_EXERCISE GOAL_. Omit the pictures and reproduce the rest of the listing exactly.

_INFORMATION SUPPLIED_.
BEGIN

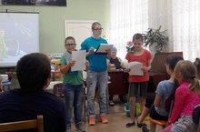 19 июля дети пришкольного лагеря ходили на экскурсию в детскую библиотеку. Там с ними провели викторину. Дети с удовольствием отвечали на вопросы, отгадывали ребусы. После обеда прошла познавательная деловая игра «Правильно питайся - здоровьем наслаждайся». Говорили о правильном питании, составляли праздничные меню. На спортивном часе играли на свежем воздухе.
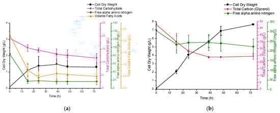 Time course profile for growth and utilization of nutrients by B. thailandensis during batch fermentation using: (a) Food waste hydrolysate; (b) Glycerol.
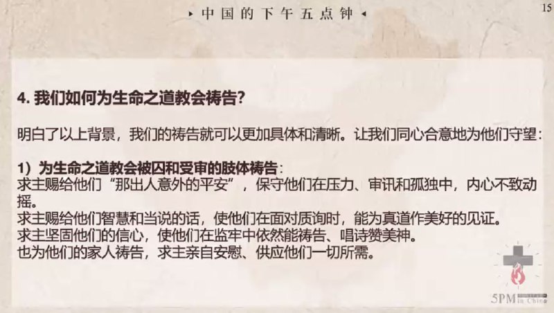 中国的下午五点钟,为狱中肢体代祷

END

_TASK SOLUTION_.
 19 июля дети пришкольного лагеря ходили на экскурсию в детскую библиотеку. Там с ними провели викторину. Дети с удовольствием отвечали на вопросы, отгадывали ребусы. После обеда прошла познавательная деловая игра «Правильно питайся - здоровьем наслаждайся». Говорили о правильном питании, составляли праздничные меню. На спортивном часе играли на свежем воздухе.
 Time course profile for growth and utilization of nutrients by B. thailandensis during batch fermentation using: (a) Food waste hydrolysate; (b) Glycerol.
 中国的下午五点钟,为狱中肢体代祷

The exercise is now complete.